(RECORDS PROVIDED begins)
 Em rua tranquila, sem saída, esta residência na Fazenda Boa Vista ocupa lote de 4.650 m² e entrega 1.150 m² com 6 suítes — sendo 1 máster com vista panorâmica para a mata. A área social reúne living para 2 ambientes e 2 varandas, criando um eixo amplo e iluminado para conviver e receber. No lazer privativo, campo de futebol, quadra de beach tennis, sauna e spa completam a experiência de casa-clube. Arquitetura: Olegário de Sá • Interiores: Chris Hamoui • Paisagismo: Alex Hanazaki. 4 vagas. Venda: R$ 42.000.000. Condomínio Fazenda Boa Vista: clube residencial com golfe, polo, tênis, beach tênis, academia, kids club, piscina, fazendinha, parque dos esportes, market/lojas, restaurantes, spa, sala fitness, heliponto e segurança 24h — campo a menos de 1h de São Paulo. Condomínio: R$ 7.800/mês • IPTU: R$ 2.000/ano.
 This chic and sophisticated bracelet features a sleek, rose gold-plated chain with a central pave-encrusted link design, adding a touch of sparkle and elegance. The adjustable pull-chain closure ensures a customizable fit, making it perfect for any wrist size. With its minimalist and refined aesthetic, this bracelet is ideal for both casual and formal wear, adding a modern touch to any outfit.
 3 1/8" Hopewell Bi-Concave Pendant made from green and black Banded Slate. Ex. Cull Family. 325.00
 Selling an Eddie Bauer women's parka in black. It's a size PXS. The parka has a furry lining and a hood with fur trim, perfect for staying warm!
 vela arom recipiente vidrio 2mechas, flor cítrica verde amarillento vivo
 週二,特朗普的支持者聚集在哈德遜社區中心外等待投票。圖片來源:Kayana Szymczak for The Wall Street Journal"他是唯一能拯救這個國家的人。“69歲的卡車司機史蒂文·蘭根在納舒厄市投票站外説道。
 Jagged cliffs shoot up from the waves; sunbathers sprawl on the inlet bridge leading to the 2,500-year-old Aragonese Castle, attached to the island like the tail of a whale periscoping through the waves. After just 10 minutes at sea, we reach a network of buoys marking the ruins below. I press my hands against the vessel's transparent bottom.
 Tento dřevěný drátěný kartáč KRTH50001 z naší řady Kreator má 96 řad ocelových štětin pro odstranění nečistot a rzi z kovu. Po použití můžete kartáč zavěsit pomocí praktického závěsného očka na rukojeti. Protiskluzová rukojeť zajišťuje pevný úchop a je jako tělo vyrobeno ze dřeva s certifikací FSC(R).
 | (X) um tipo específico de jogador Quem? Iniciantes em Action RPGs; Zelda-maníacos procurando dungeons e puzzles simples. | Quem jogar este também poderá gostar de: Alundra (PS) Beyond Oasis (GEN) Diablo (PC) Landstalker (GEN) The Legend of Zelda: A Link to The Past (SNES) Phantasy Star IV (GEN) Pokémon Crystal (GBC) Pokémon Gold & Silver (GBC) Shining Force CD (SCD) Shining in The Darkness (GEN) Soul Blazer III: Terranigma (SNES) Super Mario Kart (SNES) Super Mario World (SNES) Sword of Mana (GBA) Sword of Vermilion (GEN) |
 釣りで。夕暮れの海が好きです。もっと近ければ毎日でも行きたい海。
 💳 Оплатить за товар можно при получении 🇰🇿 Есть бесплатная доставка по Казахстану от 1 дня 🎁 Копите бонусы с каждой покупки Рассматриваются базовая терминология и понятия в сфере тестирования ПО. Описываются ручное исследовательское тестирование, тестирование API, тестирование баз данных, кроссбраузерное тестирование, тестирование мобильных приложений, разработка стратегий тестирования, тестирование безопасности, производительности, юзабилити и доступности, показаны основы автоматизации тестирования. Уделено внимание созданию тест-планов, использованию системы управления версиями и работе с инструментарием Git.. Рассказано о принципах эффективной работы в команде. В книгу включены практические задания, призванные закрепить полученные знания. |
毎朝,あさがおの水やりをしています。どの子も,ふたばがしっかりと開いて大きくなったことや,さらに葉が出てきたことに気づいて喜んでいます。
(RECORDS PROVIDED ends)
- [TASK GOAL]:
Return all of the data precisely as it appears.

- [TASK ANSWER]:
 Em rua tranquila, sem saída, esta residência na Fazenda Boa Vista ocupa lote de 4.650 m² e entrega 1.150 m² com 6 suítes — sendo 1 máster com vista panorâmica para a mata. A área social reúne living para 2 ambientes e 2 varandas, criando um eixo amplo e iluminado para conviver e receber. No lazer privativo, campo de futebol, quadra de beach tennis, sauna e spa completam a experiência de casa-clube. Arquitetura: Olegário de Sá • Interiores: Chris Hamoui • Paisagismo: Alex Hanazaki. 4 vagas. Venda: R$ 42.000.000. Condomínio Fazenda Boa Vista: clube residencial com golfe, polo, tênis, beach tênis, academia, kids club, piscina, fazendinha, parque dos esportes, market/lojas, restaurantes, spa, sala fitness, heliponto e segurança 24h — campo a menos de 1h de São Paulo. Condomínio: R$ 7.800/mês • IPTU: R$ 2.000/ano.
 This chic and sophisticated bracelet features a sleek, rose gold-plated chain with a central pave-encrusted link design, adding a touch of sparkle and elegance. The adjustable pull-chain closure ensures a customizable fit, making it perfect for any wrist size. With its minimalist and refined aesthetic, this bracelet is ideal for both casual and formal wear, adding a modern touch to any outfit.
 3 1/8" Hopewell Bi-Concave Pendant made from green and black Banded Slate. Ex. Cull Family. 325.00
 Selling an Eddie Bauer women's parka in black. It's a size PXS. The parka has a furry lining and a hood with fur trim, perfect for staying warm!
 vela arom recipiente vidrio 2mechas, flor cítrica verde amarillento vivo
 週二,特朗普的支持者聚集在哈德遜社區中心外等待投票。圖片來源:Kayana Szymczak for The Wall Street Journal"他是唯一能拯救這個國家的人。“69歲的卡車司機史蒂文·蘭根在納舒厄市投票站外説道。
 Jagged cliffs shoot up from the waves; sunbathers sprawl on the inlet bridge leading to the 2,500-year-old Aragonese Castle, attached to the island like the tail of a whale periscoping through the waves. After just 10 minutes at sea, we reach a network of buoys marking the ruins below. I press my hands against the vessel's transparent bottom.
 Tento dřevěný drátěný kartáč KRTH50001 z naší řady Kreator má 96 řad ocelových štětin pro odstranění nečistot a rzi z kovu. Po použití můžete kartáč zavěsit pomocí praktického závěsného očka na rukojeti. Protiskluzová rukojeť zajišťuje pevný úchop a je jako tělo vyrobeno ze dřeva s certifikací FSC(R).
 | (X) um tipo específico de jogador Quem? Iniciantes em Action RPGs; Zelda-maníacos procurando dungeons e puzzles simples. | Quem jogar este também poderá gostar de: Alundra (PS) Beyond Oasis (GEN) Diablo (PC) Landstalker (GEN) The Legend of Zelda: A Link to The Past (SNES) Phantasy Star IV (GEN) Pokémon Crystal (GBC) Pokémon Gold & Silver (GBC) Shining Force CD (SCD) Shining in The Darkness (GEN) Soul Blazer III: Terranigma (SNES) Super Mario Kart (SNES) Super Mario World (SNES) Sword of Mana (GBA) Sword of Vermilion (GEN) |
 釣りで。夕暮れの海が好きです。もっと近ければ毎日でも行きたい海。
 💳 Оплатить за товар можно при получении 🇰🇿 Есть бесплатная доставка по Казахстану от 1 дня 🎁 Копите бонусы с каждой покупки Рассматриваются базовая терминология и понятия в сфере тестирования ПО. Описываются ручное исследовательское тестирование, тестирование API, тестирование баз данных, кроссбраузерное тестирование, тестирование мобильных приложений, разработка стратегий тестирования, тестирование безопасности, производительности, юзабилити и доступности, показаны основы автоматизации тестирования. Уделено внимание созданию тест-планов, использованию системы управления версиями и работе с инструментарием Git.. Рассказано о принципах эффективной работы в команде. В книгу включены практические задания, призванные закрепить полученные знания. |
毎朝,あさがおの水やりをしています。どの子も,ふたばがしっかりと開いて大きくなったことや,さらに葉が出てきたことに気づいて喜んでいます。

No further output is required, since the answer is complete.